Institutional neutrality protects the university’s fundamental mission of pursuing, preserving, and transmitting knowledge. This mission requires not only academic freedom and viewpoint diversity, but also principles and policies that enable us to avoid contests among people of competing ideological stripes for control of the university and its individual units. The university must belong to everyone in our community, not simply those who are on the allegedly “right” side of contested issues.

As I noted, Princeton was once a sectarian college: Until almost a century ago, it was affiliated with Presbyterian Christianity. Today, as a nonsectarian university, its mission no longer includes the propagation of sectarian doctrines. It is, in this crucial respect, unlike Notre Dame, Brigham Young, Baylor, Yeshiva, and Zaytuna. I have nothing against such institutions. In fact, I think they do great work. I’ve lectured at all of them. And I’m glad they are available to students and families for whom religiously based education is important.

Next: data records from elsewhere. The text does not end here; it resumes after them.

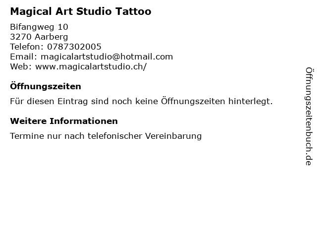 | Öffnungszeiten Magical Art Studio Tattoo in Aarberg anzeigen | |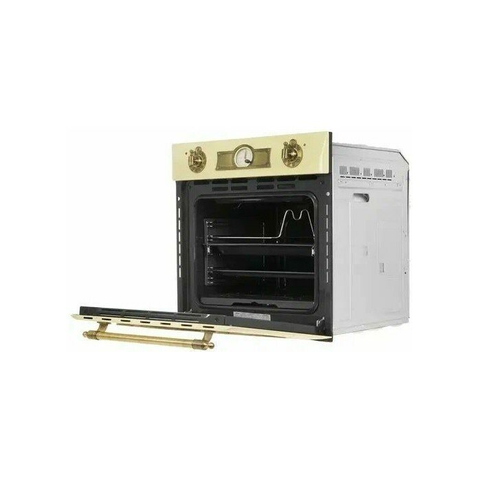 размораживание, таймер, Вентилятор охлаждения, Встроенные часы, Дизайн Ретро, Рецепты на двери, Электромеханический вертел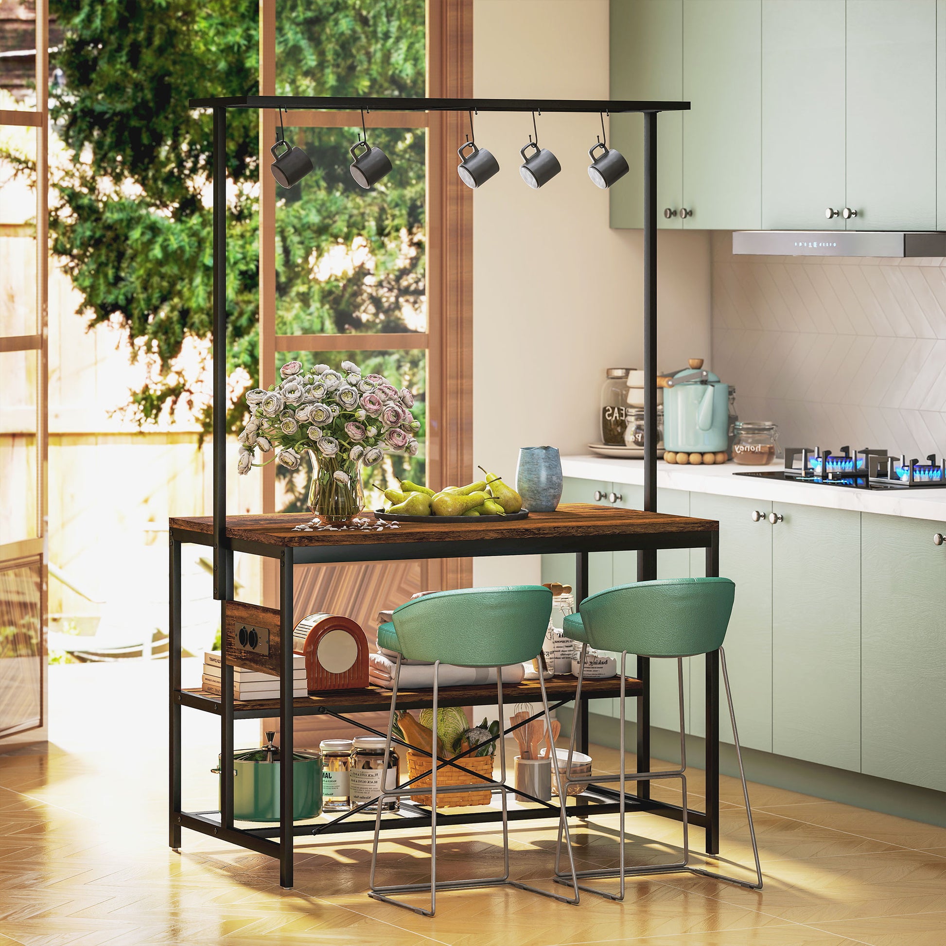 Organize sua cozinha com praticidade e estilo com esta estante de cozinha com tomada de corrente. Com duas prateleiras espaçosas, uma ampla bancada e cinco ganchos para chavenas, este móvel auxiliar é perfeito para manter seus utensílios bem organizados.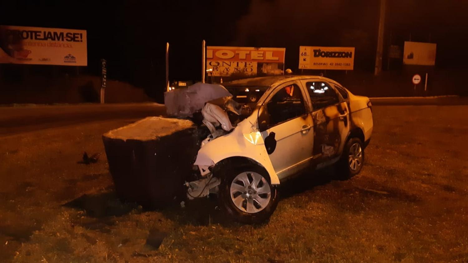 Conforme a equipe PRF que atendeu o acidente, o automóvel trafegava no sentido Imbituva-Irati e no entroncamento das BRs 153 e 277, na entrada de Irati, rampou uma lombada, seguiu em linha reta, passando pelo meio da rotatória e bateu na pedra que há na rotatória.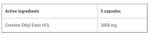 The product contains Creatine Ethyl Ester HCl, a modified form of creatine that includes an ester group, aiming to improve absorption and reduce water retention compared to regular creatine monohydrate. This may support better creatine uptake by muscle tissue, aiding in strength, energy output, and recovery without common bloating.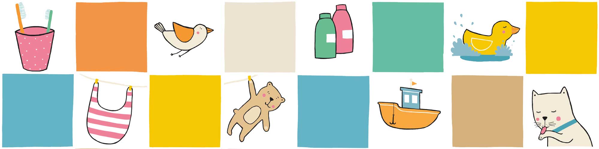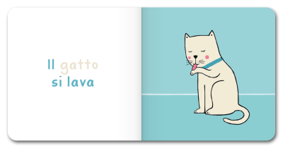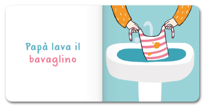 Nelle pagine iniziali e finali sono riportate le immagini riquadrate degli oggetti presenti nel libro affinché il bambino possa riconoscere, additare e nominare le piccole cose che accompagnano la sua giornata.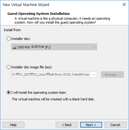 아까 넘긴 ISO파일을 이제 넣어 줄 것이다.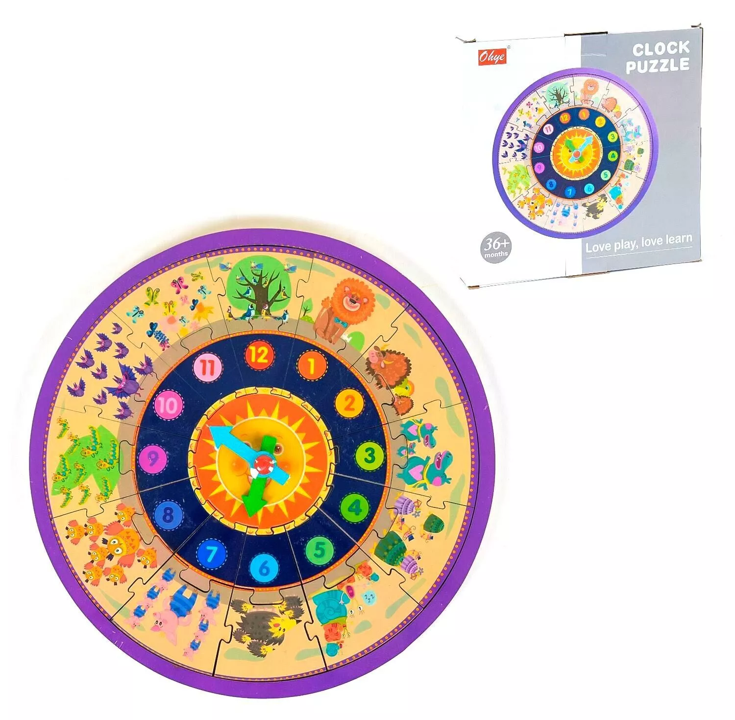 Например, около цифры “1” находится один большой лев, а около “12” нарисовано дерево, на котором нужно сосчитать всех птичек и зверей. Помимо чисел, ребенок может научиться понимать по стрелочным часам. Можно играть самостоятельно, а также вместе с родителями или друзьями.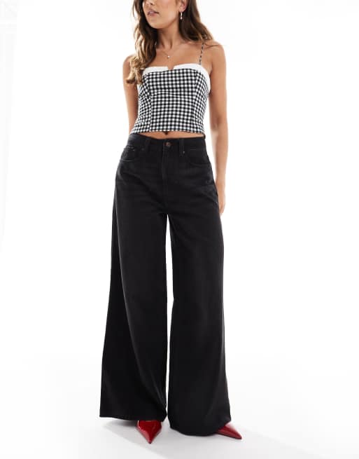 ASOS DESIGN – Bleksvarta jeans med vida ben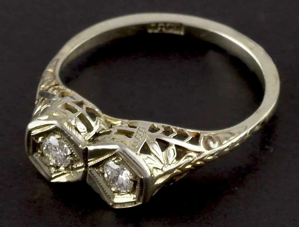 Art Deco White Gold Diamond Ring Unusual two stone setting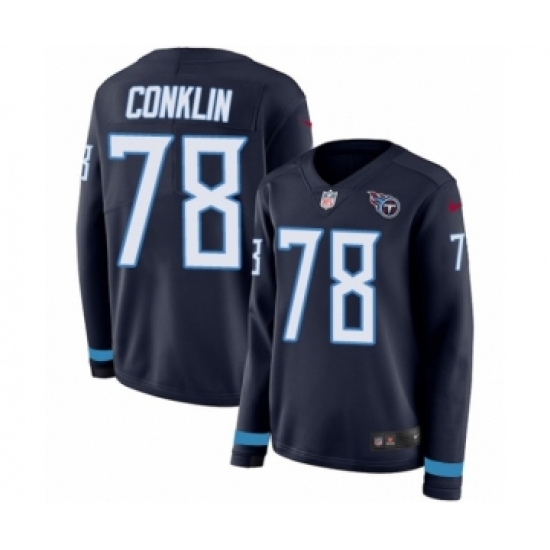 Women's Nike Tennessee Titans #78 Jack Conklin Limited Navy Blue Therma Long Sleeve NFL Jersey
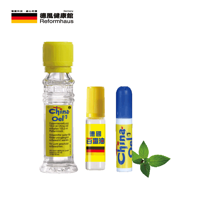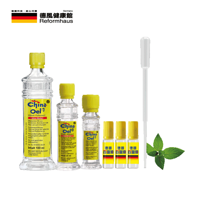 Dầu China oel của Đức sử dụng nguyên liệu là bạc hà tiêu (Tên khoa học:Mentha Piperuta), là 1 loại thảo dược có tác dụng giảm stress và thanh mát, đã được Châu Âu quan tâm sử dụng từ cổ xưa。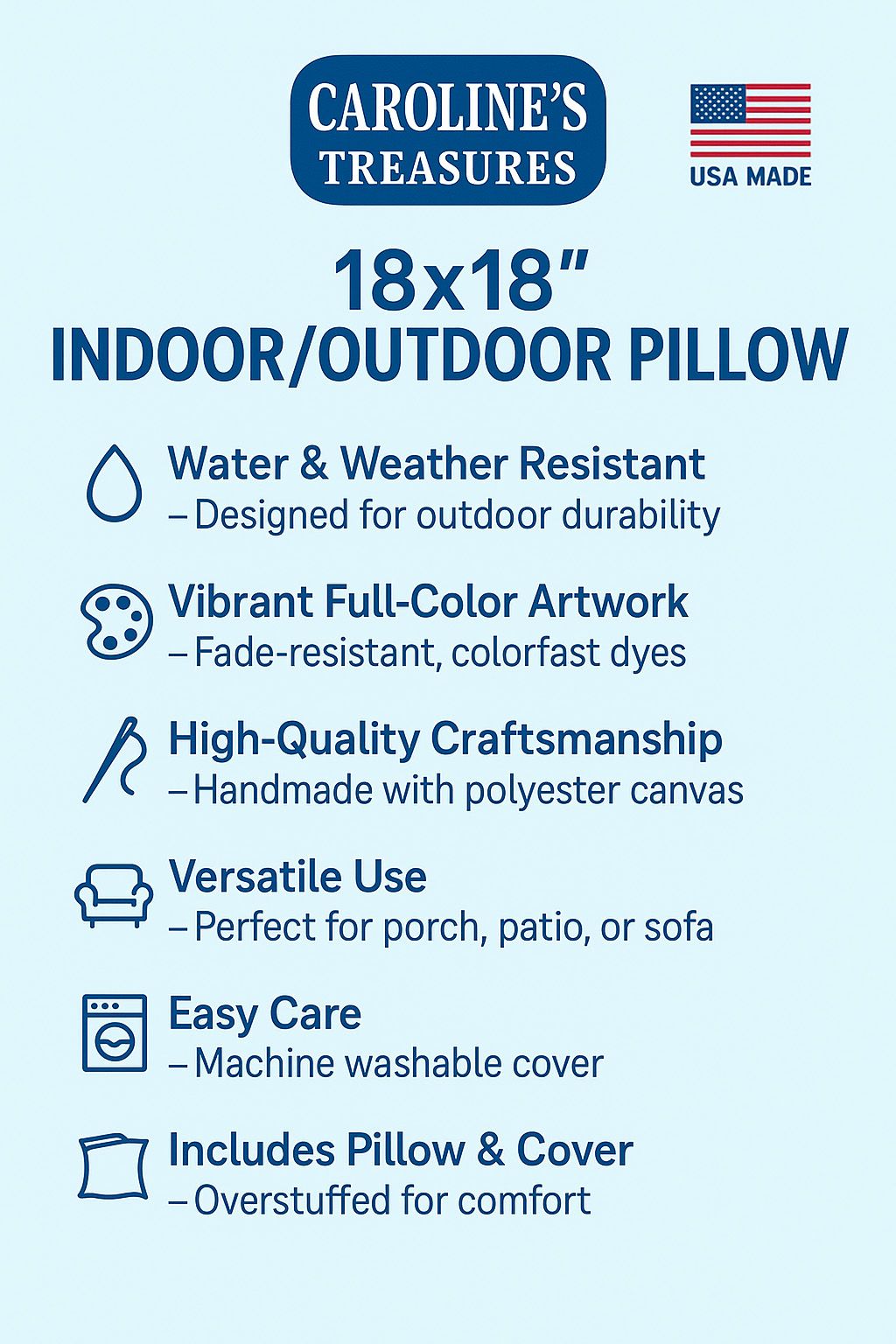 1.High-Quality Material: Our 18x18 Fabric Decorative Pillow from Caroline's Treasures features a durable 100% polyester fabric sham, designed to be water-resistant and withstand various weather conditions, perfect for outdoor patio furniture or indoor use.

But I believe that it is valuable for there also to be great nonsectarian universities such as Princeton, the University of Chicago, the University of Michigan, and the rest, in which people are united not by shared commitments to religious or secular ideological dogmas but by, and only by, a commitment to the pursuit, preservation, and transmission of knowledge—and an understanding that the cause of knowledge-seeking can be mightily advanced only by encouraging the critical engagement of ideas among people who have fundamental disagreements on normative and other important matters.